Work order ▸ For every entry below, give it back exactly and leave out any image.

(Stored data)
□ □ □ □
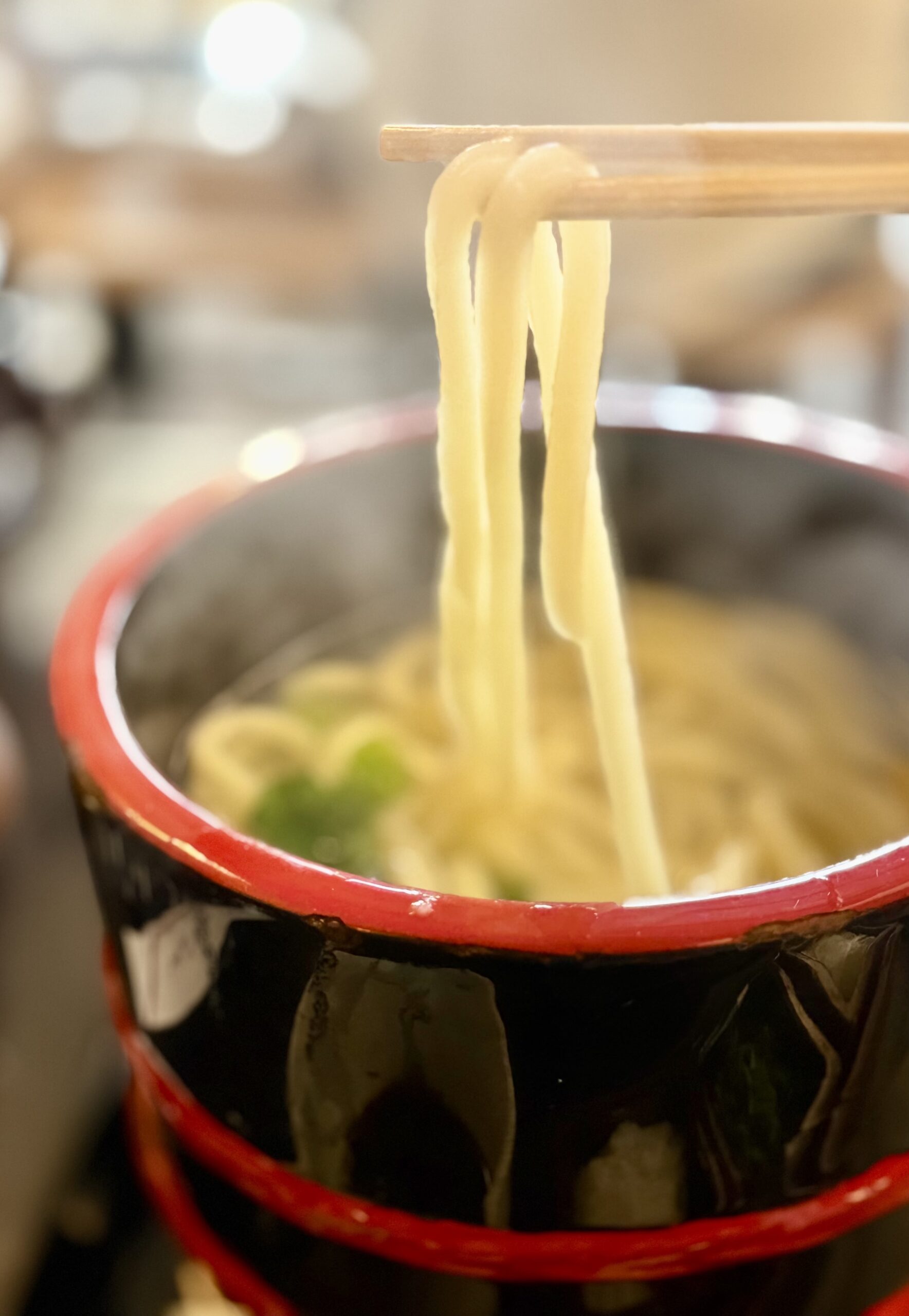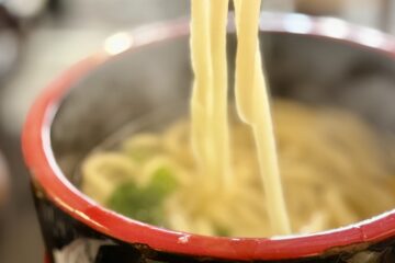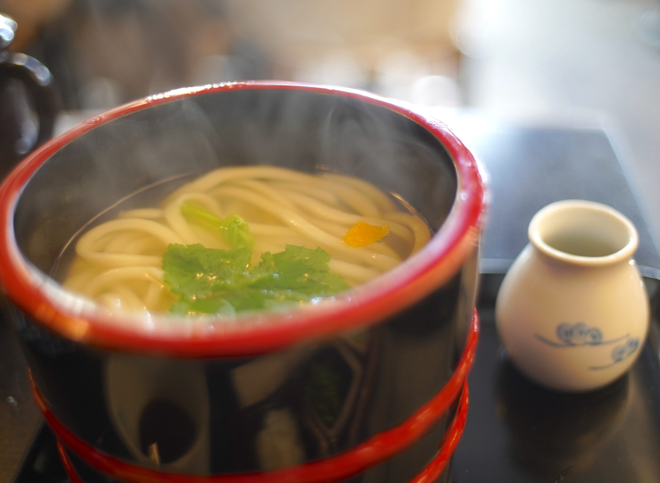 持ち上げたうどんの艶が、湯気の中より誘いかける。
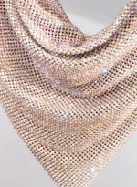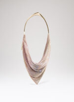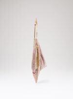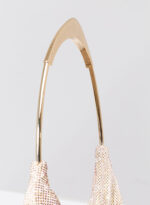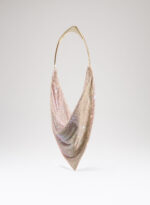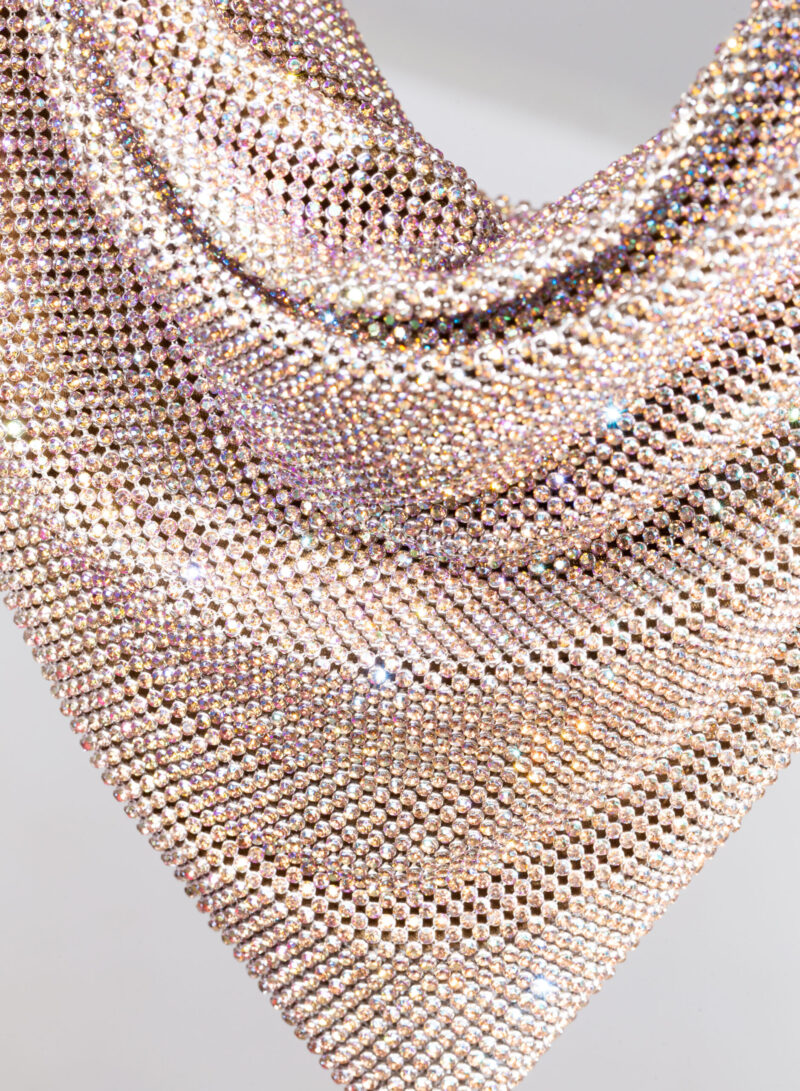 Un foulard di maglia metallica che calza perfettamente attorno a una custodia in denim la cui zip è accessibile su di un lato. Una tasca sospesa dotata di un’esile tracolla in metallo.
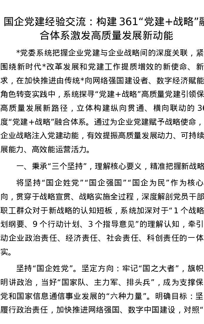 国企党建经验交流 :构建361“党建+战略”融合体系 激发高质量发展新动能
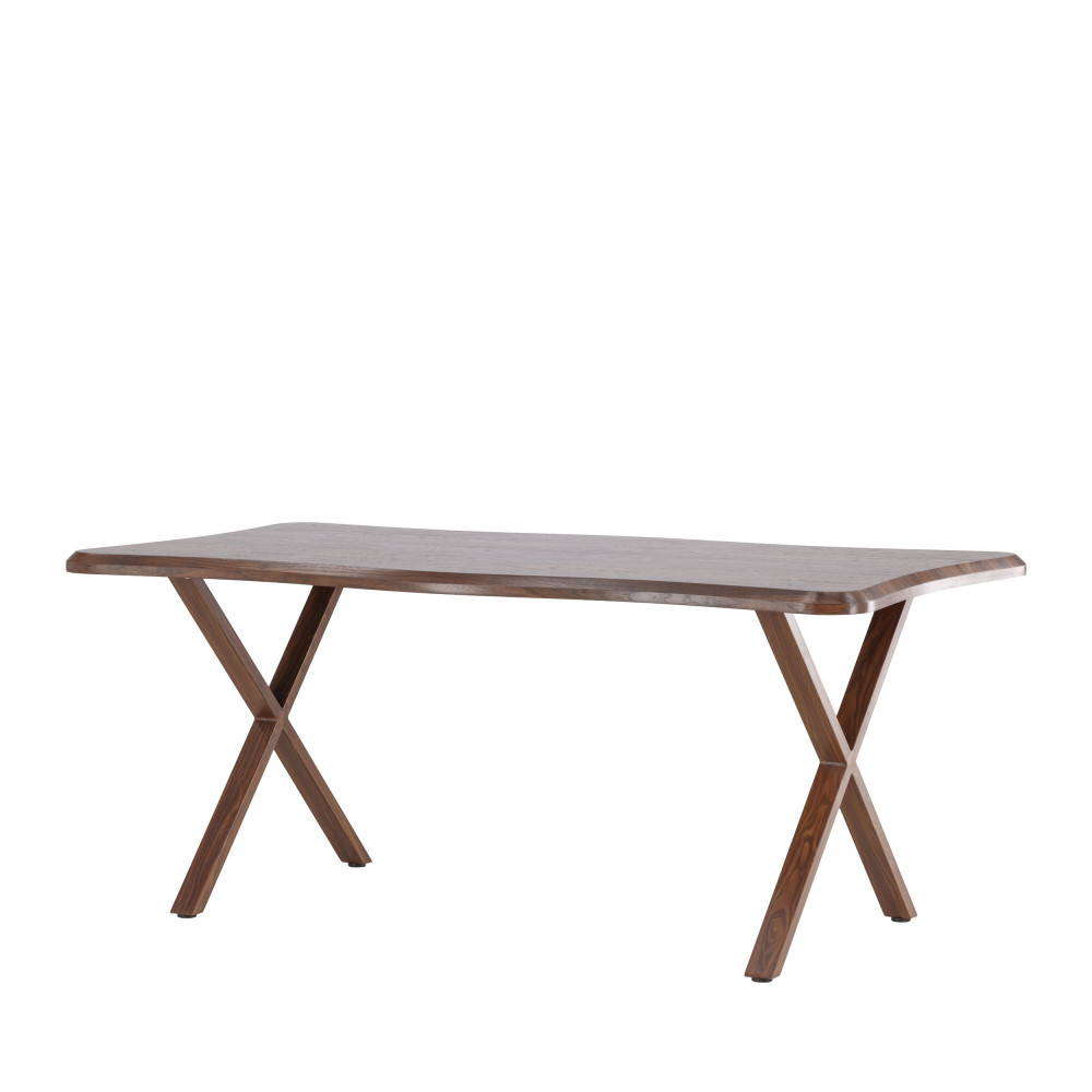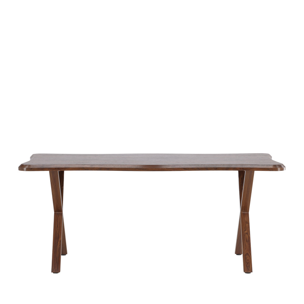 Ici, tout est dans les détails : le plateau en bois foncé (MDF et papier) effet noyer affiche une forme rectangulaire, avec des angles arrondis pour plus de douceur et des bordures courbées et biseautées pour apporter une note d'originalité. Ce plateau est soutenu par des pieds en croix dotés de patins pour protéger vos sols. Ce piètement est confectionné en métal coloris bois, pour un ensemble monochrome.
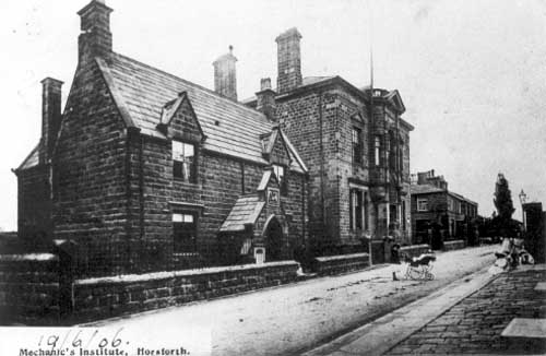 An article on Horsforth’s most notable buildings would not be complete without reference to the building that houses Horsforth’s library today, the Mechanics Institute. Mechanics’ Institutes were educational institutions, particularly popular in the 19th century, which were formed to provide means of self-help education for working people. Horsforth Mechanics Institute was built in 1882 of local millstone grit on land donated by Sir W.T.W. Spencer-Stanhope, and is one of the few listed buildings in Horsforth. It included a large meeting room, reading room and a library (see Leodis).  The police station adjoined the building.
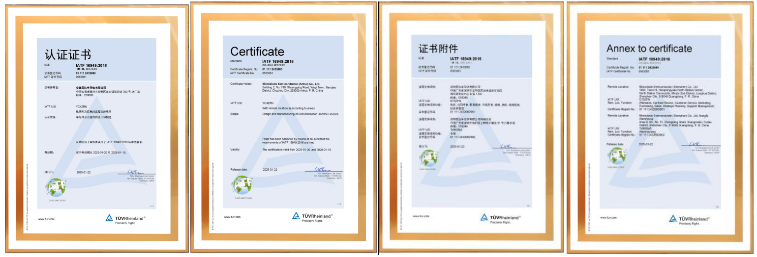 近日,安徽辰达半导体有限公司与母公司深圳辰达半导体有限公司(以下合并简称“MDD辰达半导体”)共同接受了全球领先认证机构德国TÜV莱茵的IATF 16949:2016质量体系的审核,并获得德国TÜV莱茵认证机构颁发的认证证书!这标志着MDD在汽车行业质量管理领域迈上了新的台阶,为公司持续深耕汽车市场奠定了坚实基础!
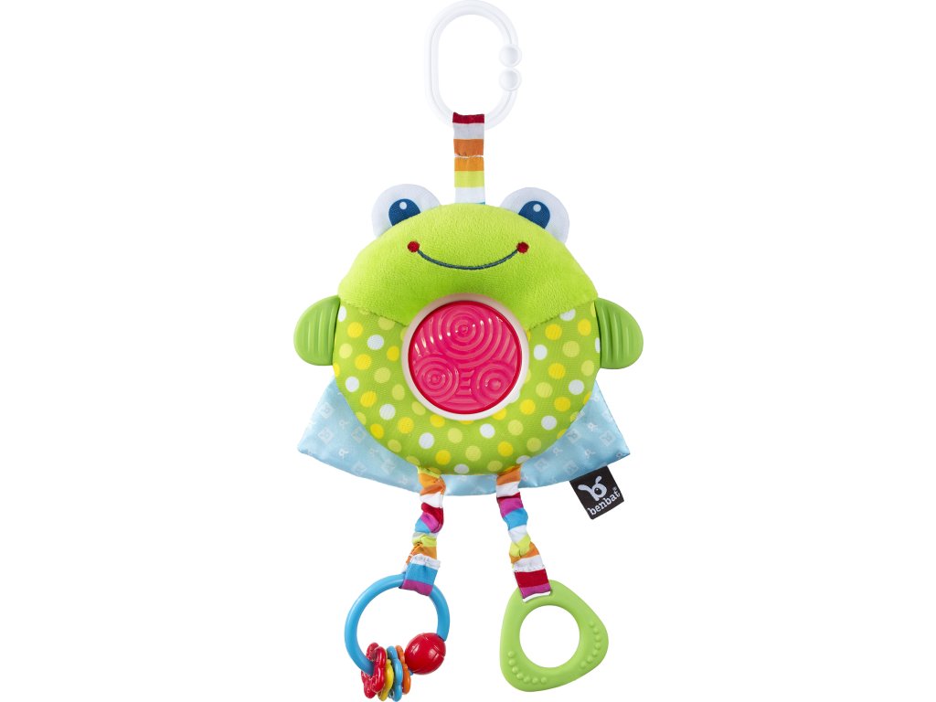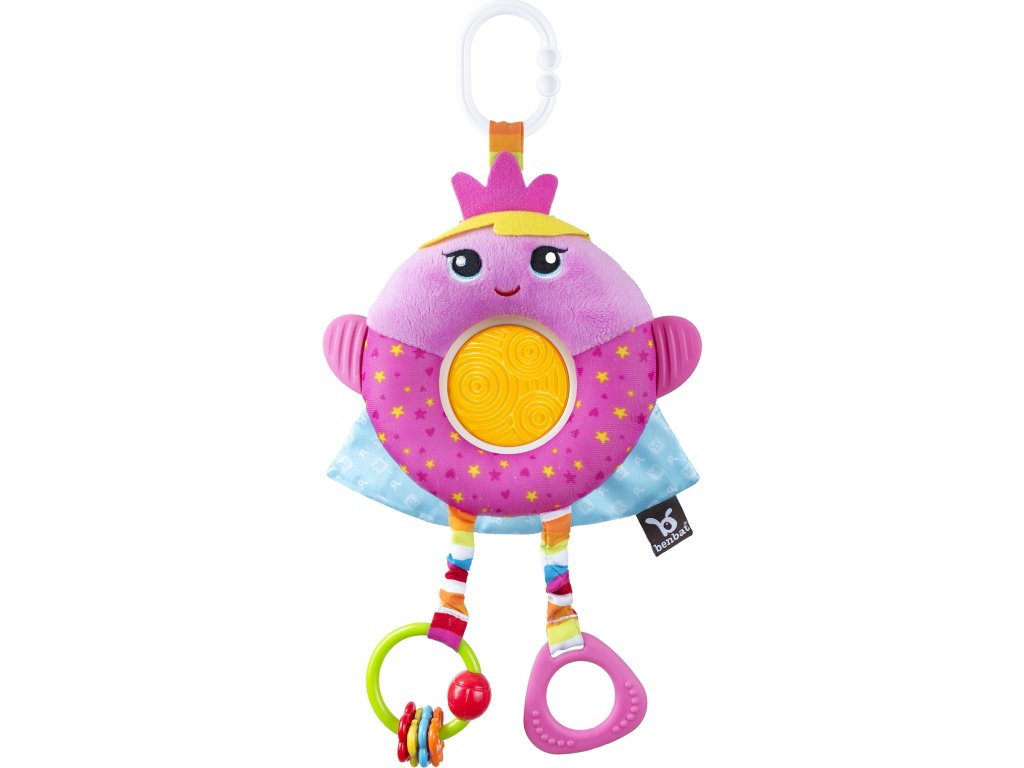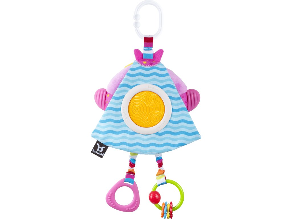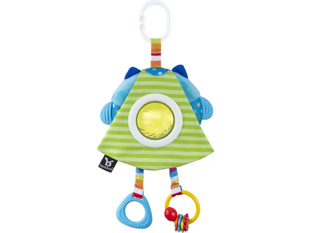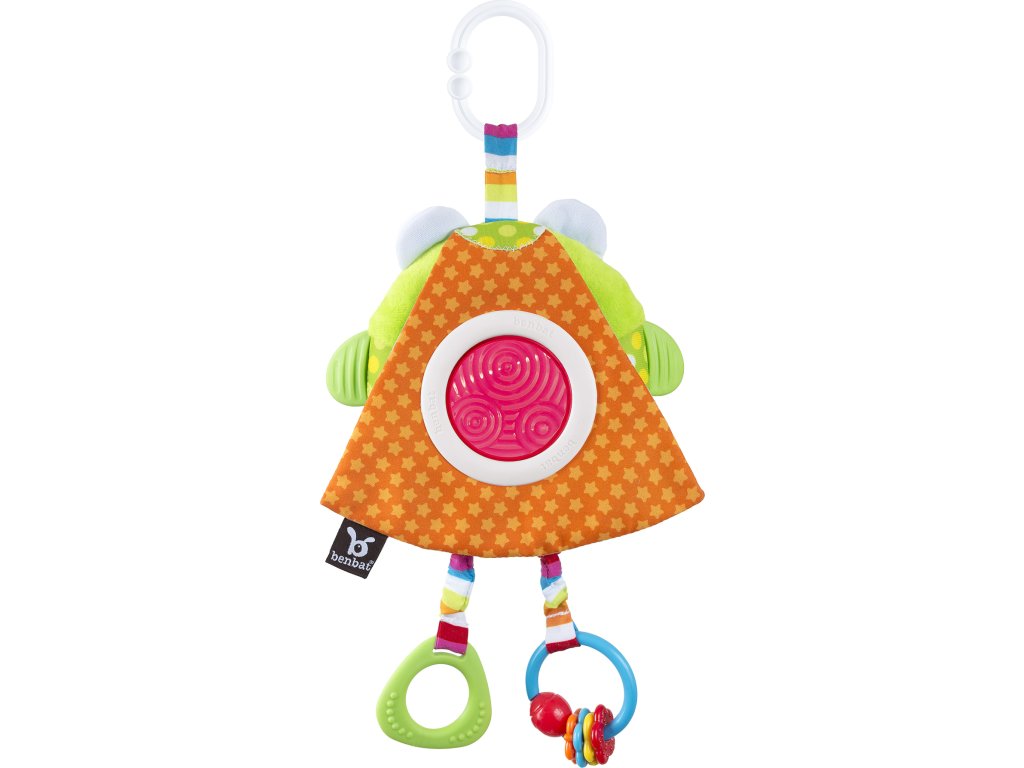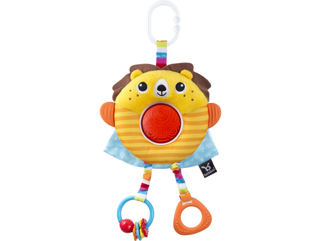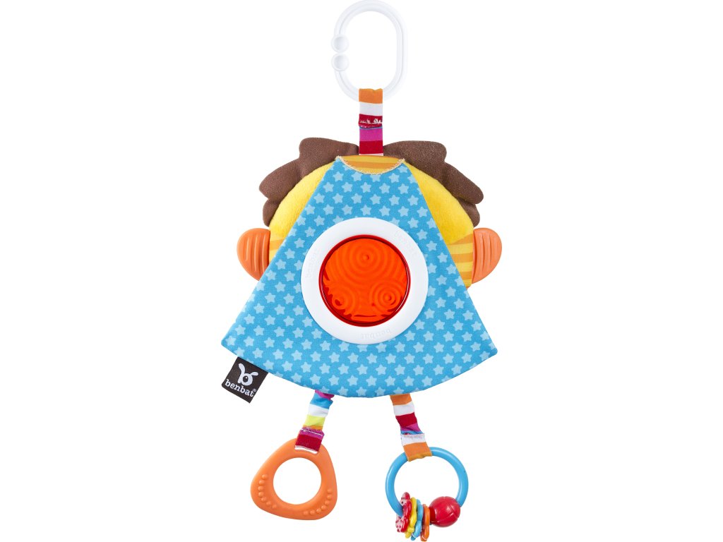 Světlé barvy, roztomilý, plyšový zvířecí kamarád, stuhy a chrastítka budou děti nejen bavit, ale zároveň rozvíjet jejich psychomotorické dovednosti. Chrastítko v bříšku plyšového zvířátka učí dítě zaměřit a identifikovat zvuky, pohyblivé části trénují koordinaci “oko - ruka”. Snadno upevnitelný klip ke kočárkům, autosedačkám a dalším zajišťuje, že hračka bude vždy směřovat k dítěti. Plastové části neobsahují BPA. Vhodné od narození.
□ □ □ □
Finished task ▸
 持ち上げたうどんの艶が、湯気の中より誘いかける。
 Un foulard di maglia metallica che calza perfettamente attorno a una custodia in denim la cui zip è accessibile su di un lato. Una tasca sospesa dotata di un’esile tracolla in metallo.
 国企党建经验交流 :构建361“党建+战略”融合体系 激发高质量发展新动能
 Ici, tout est dans les détails : le plateau en bois foncé (MDF et papier) effet noyer affiche une forme rectangulaire, avec des angles arrondis pour plus de douceur et des bordures courbées et biseautées pour apporter une note d'originalité. Ce plateau est soutenu par des pieds en croix dotés de patins pour protéger vos sols. Ce piètement est confectionné en métal coloris bois, pour un ensemble monochrome.
 An article on Horsforth’s most notable buildings would not be complete without reference to the building that houses Horsforth’s library today, the Mechanics Institute. Mechanics’ Institutes were educational institutions, particularly popular in the 19th century, which were formed to provide means of self-help education for working people. Horsforth Mechanics Institute was built in 1882 of local millstone grit on land donated by Sir W.T.W. Spencer-Stanhope, and is one of the few listed buildings in Horsforth. It included a large meeting room, reading room and a library (see Leodis).  The police station adjoined the building.
 近日,安徽辰达半导体有限公司与母公司深圳辰达半导体有限公司(以下合并简称“MDD辰达半导体”)共同接受了全球领先认证机构德国TÜV莱茵的IATF 16949:2016质量体系的审核,并获得德国TÜV莱茵认证机构颁发的认证证书!这标志着MDD在汽车行业质量管理领域迈上了新的台阶,为公司持续深耕汽车市场奠定了坚实基础!
 Světlé barvy, roztomilý, plyšový zvířecí kamarád, stuhy a chrastítka budou děti nejen bavit, ale zároveň rozvíjet jejich psychomotorické dovednosti. Chrastítko v bříšku plyšového zvířátka učí dítě zaměřit a identifikovat zvuky, pohyblivé části trénují koordinaci “oko - ruka”. Snadno upevnitelný klip ke kočárkům, autosedačkám a dalším zajišťuje, že hračka bude vždy směřovat k dítěti. Plastové části neobsahují BPA. Vhodné od narození.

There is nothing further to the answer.